Belinda menatapku dengan pandangan sengit. Dia menarik pergelangan tanganku, menyeretku keluar, dan membawaku pergi. Anehnya anjing-anjing itu seolah melindungi Belinda. Tidak ada satu pun yang membiarkan penjaga menyentuh Belinda.
Aku meronta, berusaha memukul, menendang.
Percuma. Belinca justru menarik kerah bajuku, kemudian menghantamkan kepalaku ke sisi bangku. Pelipis berdenyut. Tercium aroma anyir. Pandangan mataku berkunang-kunang dan rasanya aku akan mati!
“Kau seharusnya tidak membuat ibumu kecewa.”
Setiap kata yang Belinda ucapkan kepadaku seperti duri beracun. Tubuhku lunglai, kehilangan daya. Belinda menyeretku menyeberangi taman. Aku tidak tahu bahwa dia bisa begitu kuat. Kukira levelnya sebatas F, penyihir peramu atau apalah. Ternyata....
Hahaha salah perhitungan. Belinda berani menantang semua orang, terutama di kuil, secara terang-terangan. Itu artinya dia memiliki rencana bagus.
Anjing-anjing mendengih saat kesatria bermunculan. Mereka menebas anjing, menyingkirkan pengganggu.
“Kau ditahan!”
Alih-alih ciut, Belinda justru tertawa. “Kalian tidak sadar tengah berhadapan dengan siapa, huh?”
Seorang kesatria berusaha maju, tapi Belinda melemparkan debu yang membuat pria itu meringkuk di tanah. Hanya dalam hitungan detik, pria itu berubah. Sama seperti para anjing.
“Singkirkan mereka.”
Pria itu menerjang, menyerang rekannya.
Tidak sampai di situ. Belinda pun menaburkan bubuk yang mengenai sembarang orang. Mereka semua diserang kegilaan dan dengan mudah dimanfaatkan oleh Belinda.
Darah membuat mataku pedih. Aku kesulitan bernapas. Belinda sama sekali tidak membiarkanku berontak.
“Dasar anak jahanam!” Belinda menamparku.

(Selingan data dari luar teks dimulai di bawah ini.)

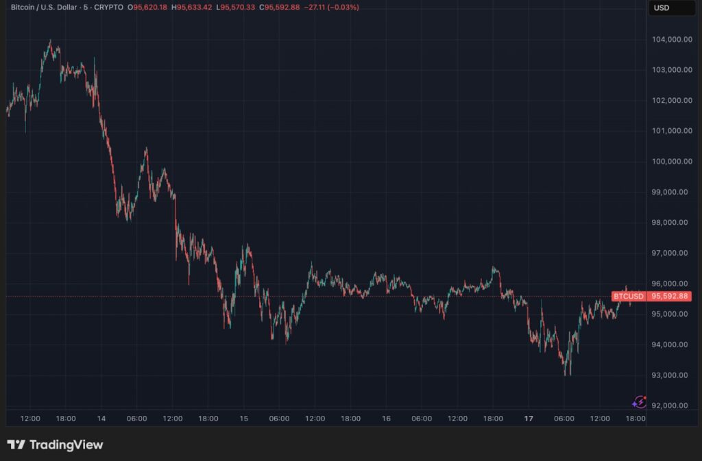 上周交易价格为 107,476 美元的比特币,周五暴跌至 94,000 美元,周日进一步下滑至 93,000 美元以下,到周一仅略微反弹至 95,592 美元。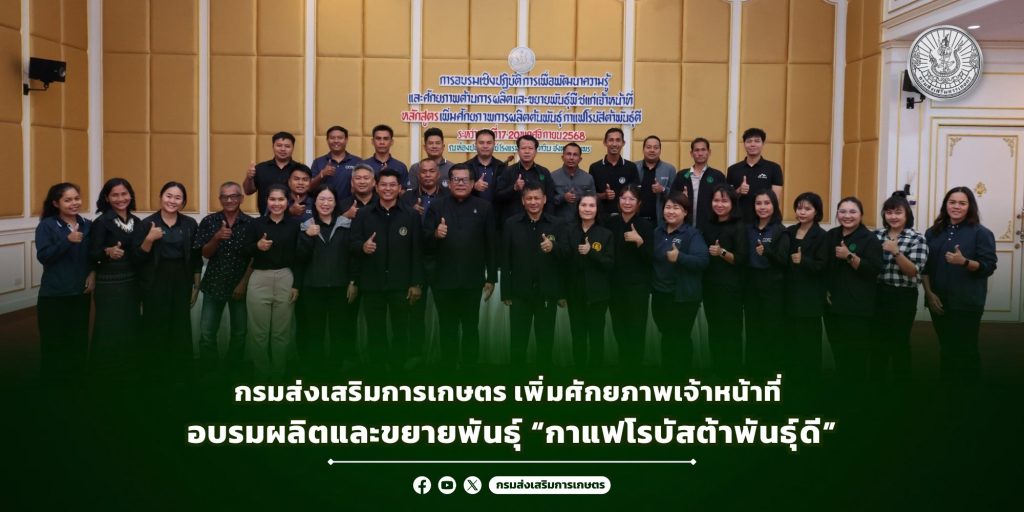กรมส่งเสริมการเกษตร เพิ่มศักยภาพเจ้าหน้าที่ อบรมผลิตและขยายพันธุ์ “กาแฟโรบัสต้าพันธุ์ดี”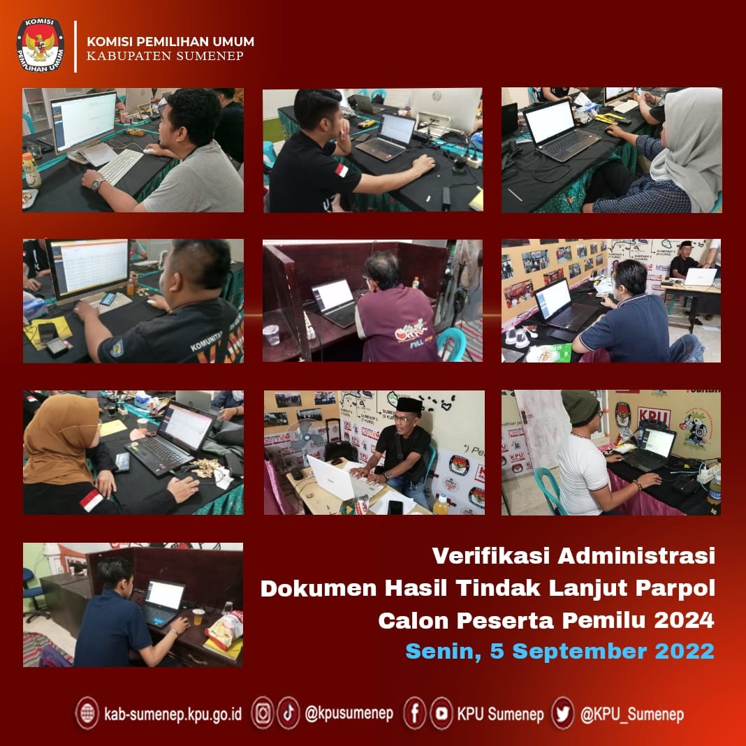Sumenep, kab-sumenep.kpu.go.id - Pasca masa unggah dokumen hasil tindaklanjut Partai Politik melalui SIPOL diperpanjang hingga tanggal 4 September 2022, dini hari tadi (senin, 05/09/2022) pukul 00.00 WIB, petugas verifikasi melakukan pengecekan kembali dokumen pembuktian anggota yang diduga ganda dan berpotensi tidak memenuhi syarat (TMS) melalui SIPOL.
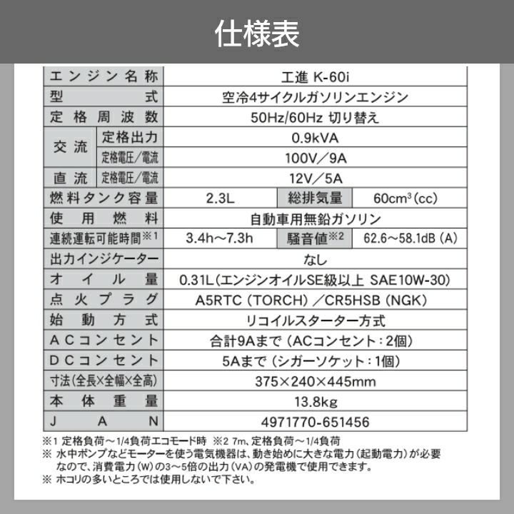 工進 発電機 インバーター KOSHIN コーシン 災害 防災 キャンプ

Di sekitar kami ada neraka ciptaannya, tapi ia tidak peduli dan memilih menyerangku. “Akan kuberi kau pelaja—”
“Hentikan!”
Di hadapan kami ada sosok-sosok baru. Di antara mereka berdirilah pria yang ingin kutendang ke laut!
***
Selesai ditulis pada 9 September 2024.***
Huahahahahahahahahahahahaha!
KAMU SEDANG MEMBACA
Dear Lady Ivy (Tamat)
FantasyHidup seperti kemalangan tiada akhir. Siang dan malam memberiku kegilaan tak tertangguhkan. Sungguhkah bertahan hidup harus mengorbankan sedikit demi sedikit jiwa? Maka sudah pasti jiwa milikku tinggal setetes dan tidak terselamatkan. Orang mengira...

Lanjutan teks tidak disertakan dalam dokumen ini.